Reinhard Dinger (ラインハルト・ディンガー, Rainharuto Dingā) is a former taxi driver and convicted serial killer. The Liebert twins stayed with him for a day or two after escaping from Eisler Memorial Hospital. In that short period, Johan was able to turn the man into a serial killer and used him to kill a person eleven years later.
Little is know about Dinger's life except that he worked as a taxi driver. It was in 1995 that his name was first tainted because of his alleged Rhine riverside murder. In 1996, he was associated with the Hofgarten murder and in 1997, he was accused of murdering an investment bank employee. He also was suspected for killing a passenger in the Gunther Forest Park.
Meeting the Liebert twins
Sometime after the Liebert twins escaped from the Eisler Memorial Hospital, Dinger met with them after he beat a man who was walking his dog and kicked him. Dinger attacked the man and the police caught him, but Johan explained the police that Dinger is innocent because the abuser had attacked him first, saving him from potential jail time. Out of gratitude, Dinger offers to drive Johan and Anna to their home, but, after discovering they have no home, allows the two to stay at his apartment for a couple of days. Johan, Anna, and Dinger watch the news while eating dinner. When Dinger mutters to himself about how depraved the world is and how "the scum should all die," Johan agrees with his notion, stating, "We don't need... those people," a comment that marks the start of Dinger's career as a murderer.
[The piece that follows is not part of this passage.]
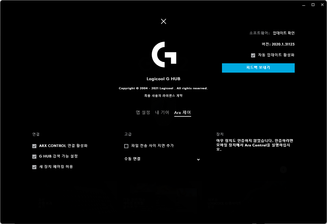 위와 같이 로지텍 지허브 버전은 2020년도 1월 버전입니다. 로지쿨 지허브 우회설치를 통해서 무한로딩 문제를 쉽게 해결할 수 있습니다. 프로필 등을 등록하시면 다른 디바이스 환경에서도 프로필이 공유됩니다.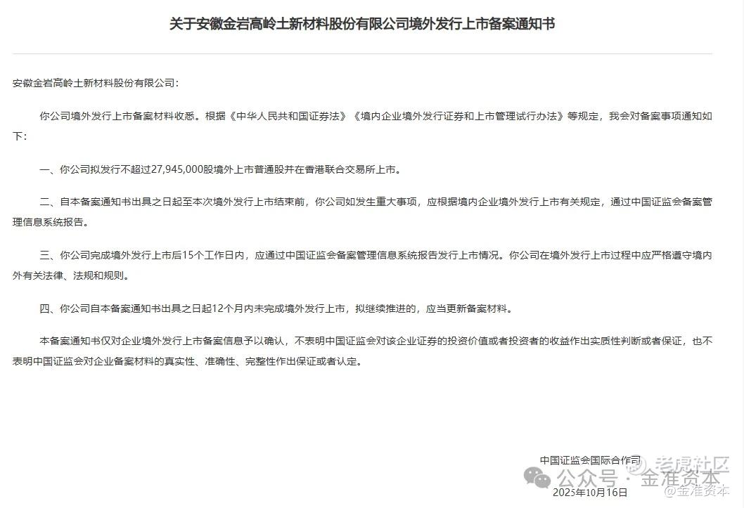 1,关于安徽金岩高岭土新材料股份有限公司境外发行上市备案通知书

Encounter with Inspector Weißbach
Several years later, Egon Weißbach, Inspector of the North Rhine-Westphalia police, requested Dinger's transfer to Düsseldorf as he was the main suspect in several murders that occurred in the Düsseldorf area. During the trip by train, Weißbach and his partner interrogated him about his victims. Weißbach was surprised by Dinger's ideas about morality and why he killed his victims. Dinger says that, while working as a taxi driver, he killed a man who spat at him as he was getting out of the car, a couple who started having sex in the backseat, a young alcoholic, a prostitute who tried to pay her fare with sex and an old woman who insulted everyone.
Weißbach then asks him about the murder of Fritz Overt, a man who worked as a bank employee and was about to reveal information that would affect the company. Later, on another interrogatory with Inspector Weißbach and Rudy Gillen, Dinger reveals that he was asked by a young man (who both Weißbach and Gillen assume to be Johan) to kill Overt by writing his name in a sandbox in a park in Griesheim, a suburb of Frankfurt.